Data excerpts Block Start

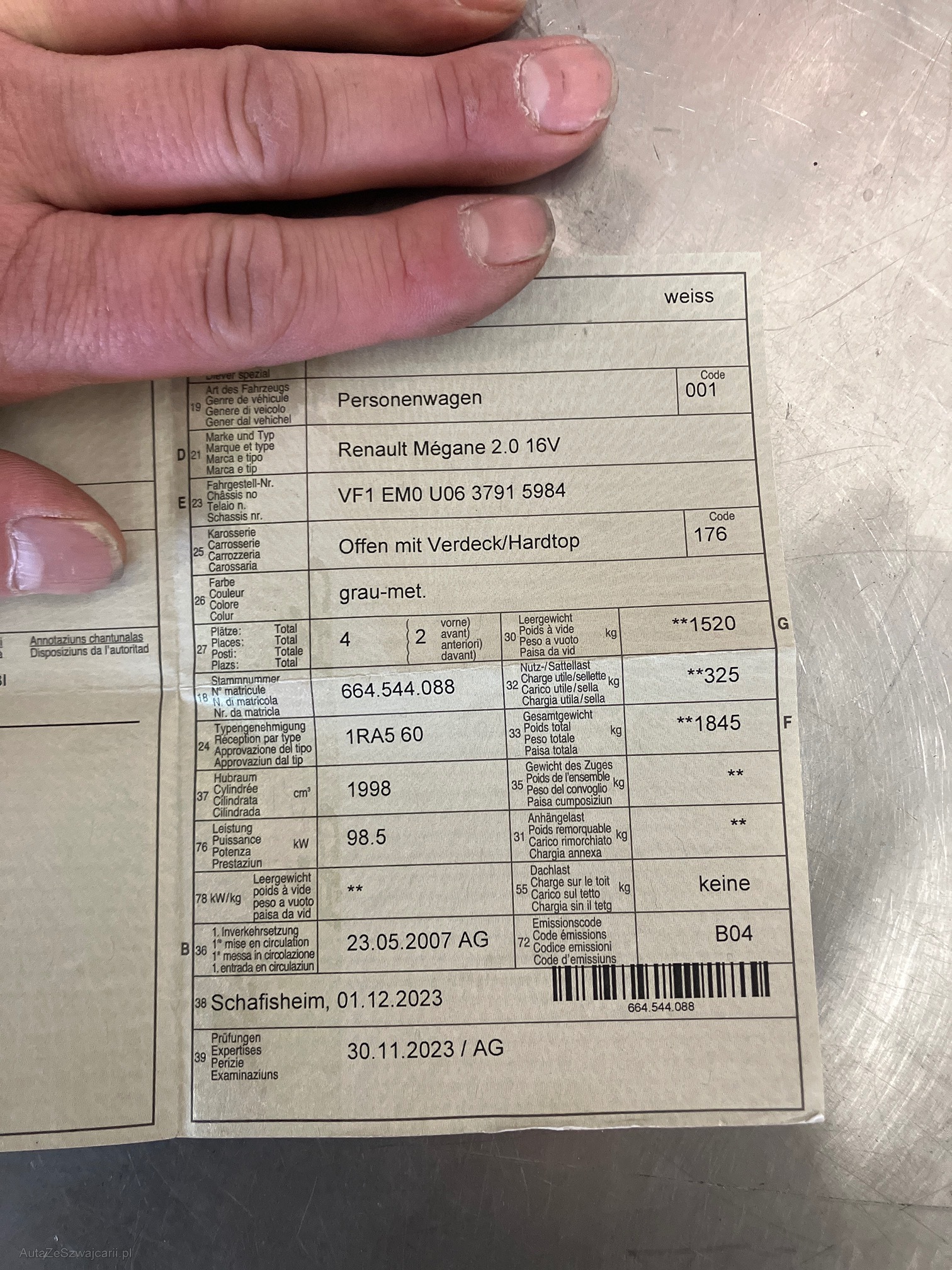 | Kommentar | Zustand Sommerräder nicht bekannt. Eintauschfahrzeug ohne Werkstatttest. |
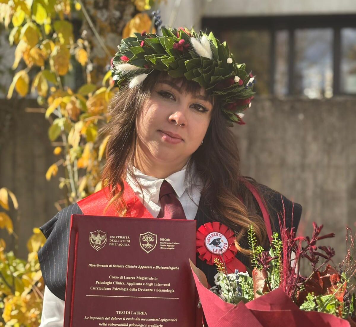 La neo-dottoressa ha discusso una tesi di particolare rilevanza scientifica dal titolo: “Le impronte del dolore: il ruolo dei meccanismi epigenetici nella vulnerabilità psicologica ereditaria”. L’argomento, incentrato sull’interazione tra fattori genetici e ambientali nella trasmissione della vulnerabilità psicologica, ha meritato il plauso della commissione.
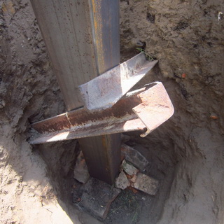 Пробурив скважину нужной глубины, следует погрузить в нее расширитель на плуг — приспособление, с помощью которого делается анкерное расширение в нижней части скважины. Это расширение делается для того, чтобы в мороз столб-опора не был вытолкнут из нее наружу, а оставался на месте.
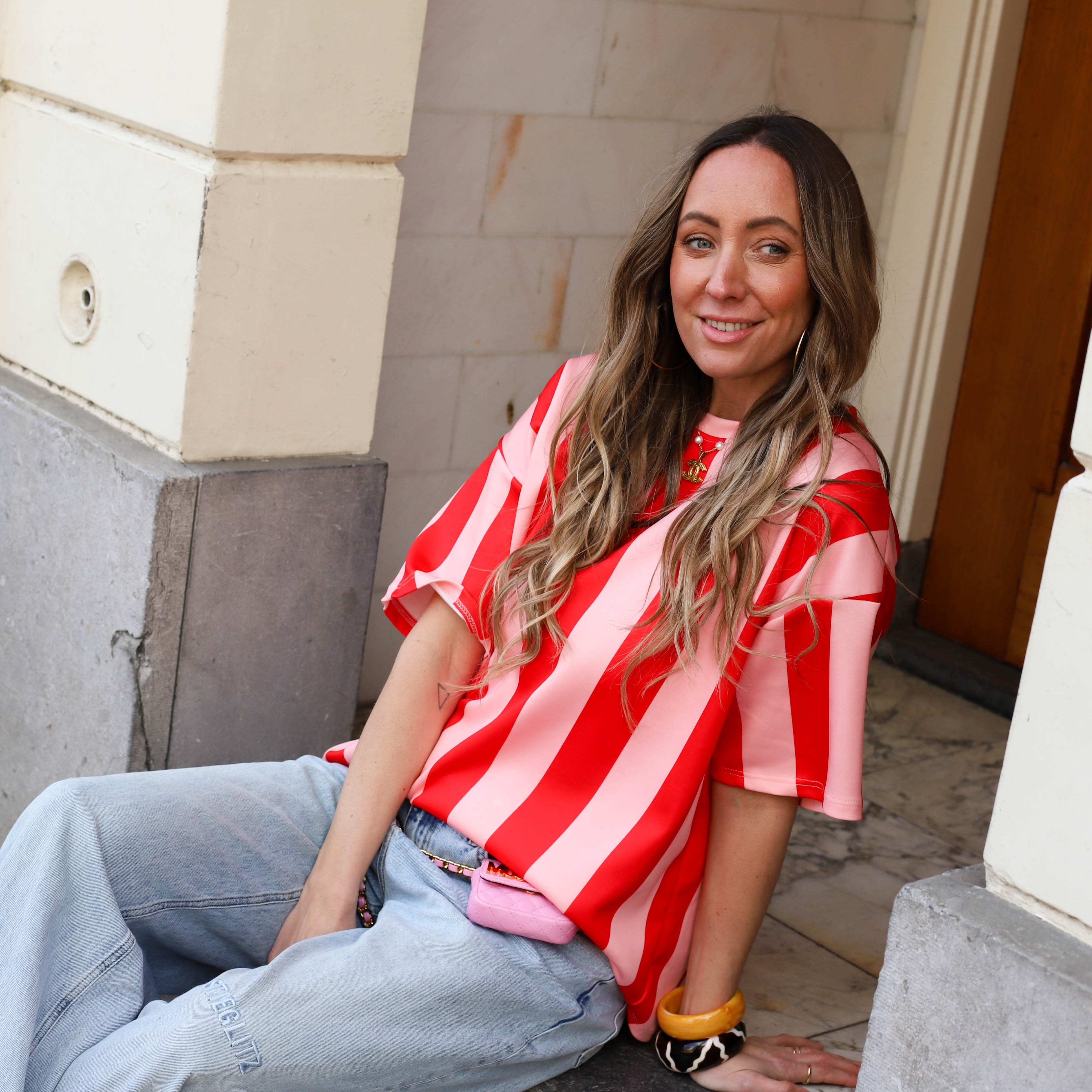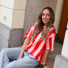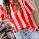 Maak een statement met dit T-shirt voorzien van een opvallend verticaal streeppatroon in het roze en rood. Het shirt heeft een moderne, oversized pasvorm met verlaagde schoudernaden en een klassieke ronde hals. Combineer met een leuke jeans.
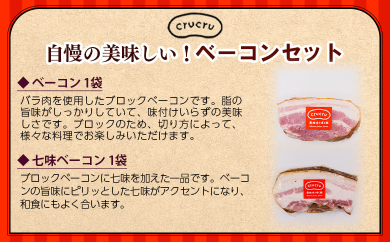 crucru自慢の美味しいベーコン2種とウインナーのセットです <奥地ほうぼく豚を使ったベーコンセット>豚肉 ぶた お肉 加工品 おつまみ おかず ベーコン 七味ベーコン ボイルウインナー バラ肉 ブロック 詰合せ BBQ アウトドア キャンプ サラダ 愛媛県 西予市 【冷蔵】『4か月以内に順次出荷予定』
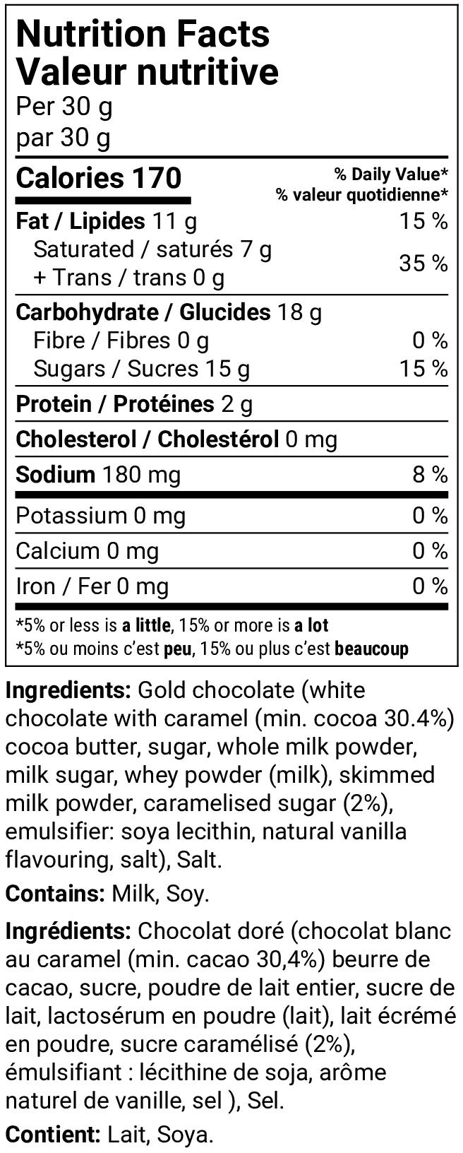 Ingredients: Gold chocolate (white chocolate with caramel (min. cocoa 30.4%) cocoa butter, sugar, whole milk powder, milk sugar, whey powder (milk), skimmed milk powder, caramelised sugar (2%), emulsifier: soya lecithin, natural vanilla flavouring, salt), Salt
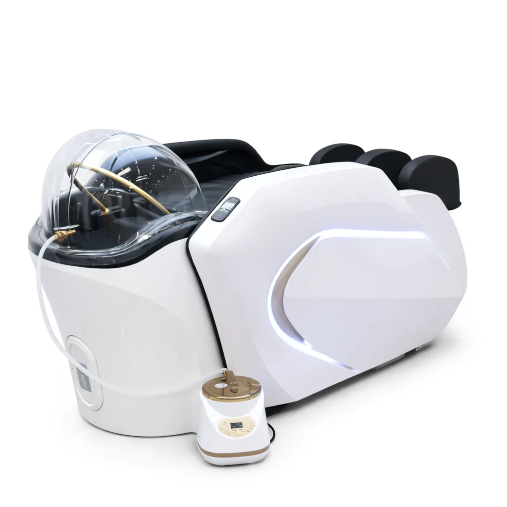 Integrated arm airbags gently compress and release to encourage circulation and relaxation, while dedicated calf muscle airbags provide soothing lower leg compression. The elevating footrest enhances client positioning, creating a cocoon style experience that supports full body comfort from head to toe.
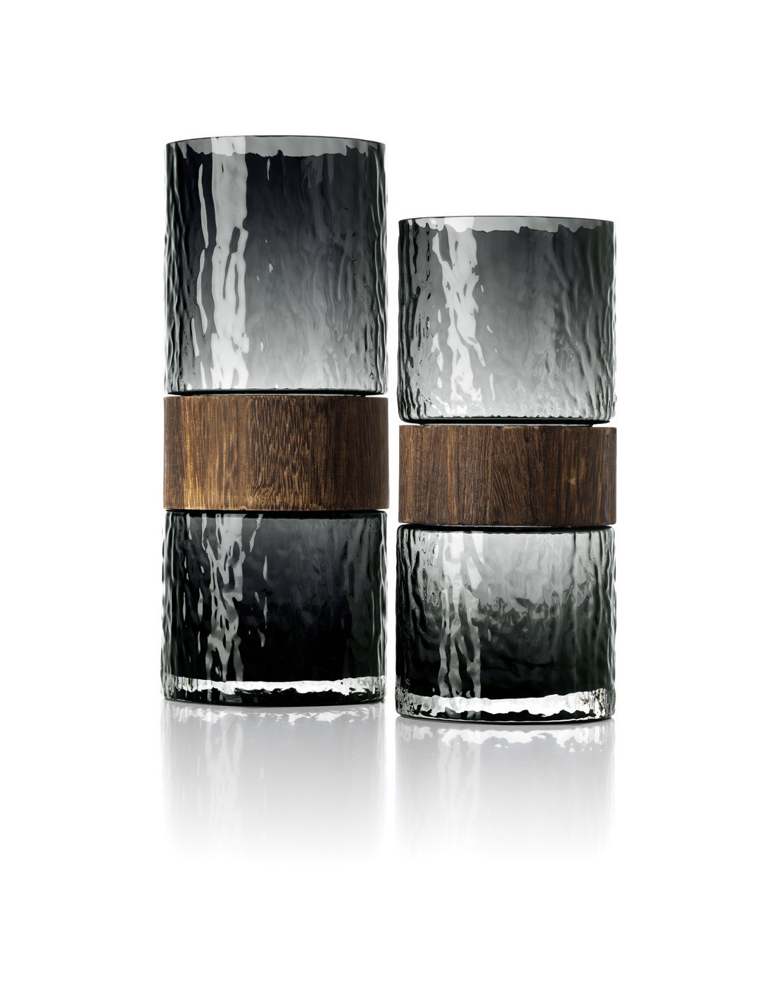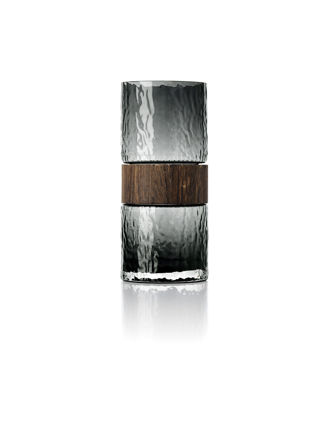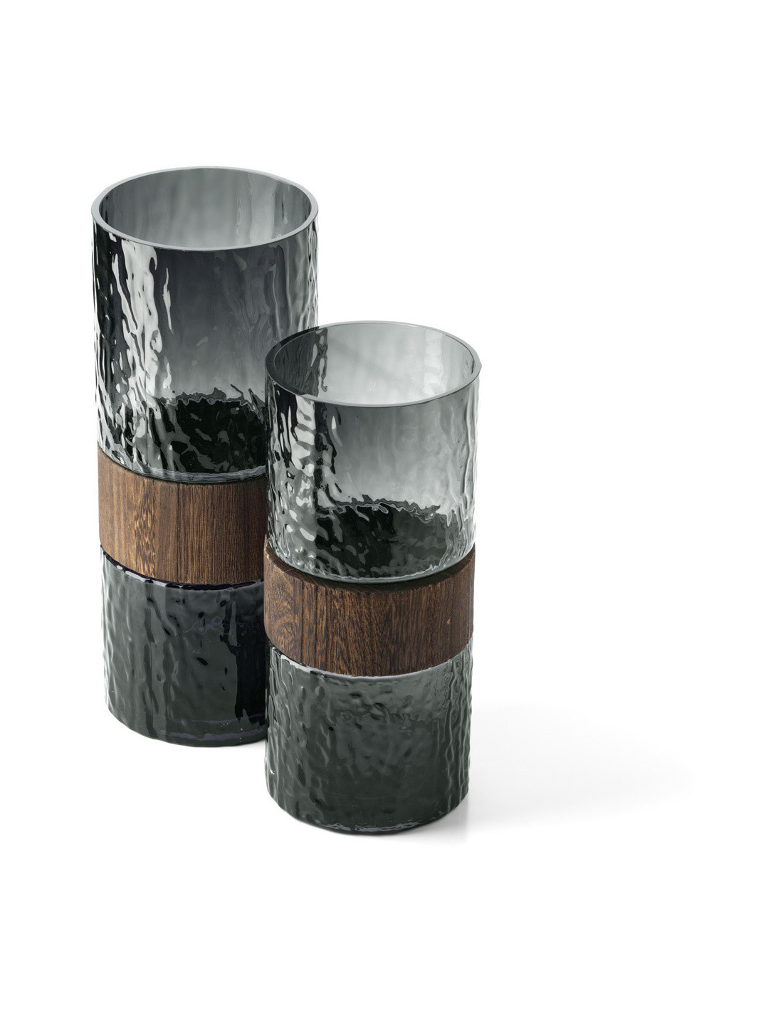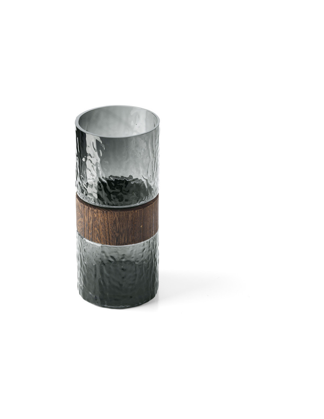 Vase design moderne Cylindrique H 24 cm Verre Gris foncé Bois Marron The Wood You Be Mine

Data excerpts Block End

● **Exercise prompt**: A word-for-word reproduction is needed of the lines above from the line containing "Пробурив скважину нужной" through the line containing "crucru自慢の美味しいベーコン2種とウインナーのセットです <奥地ほうぼく豚を使ったベーコンセット>豚肉 ぶた", with both ends kept and no pictures.

● **Task output**:
 Пробурив скважину нужной глубины, следует погрузить в нее расширитель на плуг — приспособление, с помощью которого делается анкерное расширение в нижней части скважины. Это расширение делается для того, чтобы в мороз столб-опора не был вытолкнут из нее наружу, а оставался на месте.
 Maak een statement met dit T-shirt voorzien van een opvallend verticaal streeppatroon in het roze en rood. Het shirt heeft een moderne, oversized pasvorm met verlaagde schoudernaden en een klassieke ronde hals. Combineer met een leuke jeans.
 crucru自慢の美味しいベーコン2種とウインナーのセットです <奥地ほうぼく豚を使ったベーコンセット>豚肉 ぶた お肉 加工品 おつまみ おかず ベーコン 七味ベーコン ボイルウインナー バラ肉 ブロック 詰合せ BBQ アウトドア キャンプ サラダ 愛媛県 西予市 【冷蔵】『4か月以内に順次出荷予定』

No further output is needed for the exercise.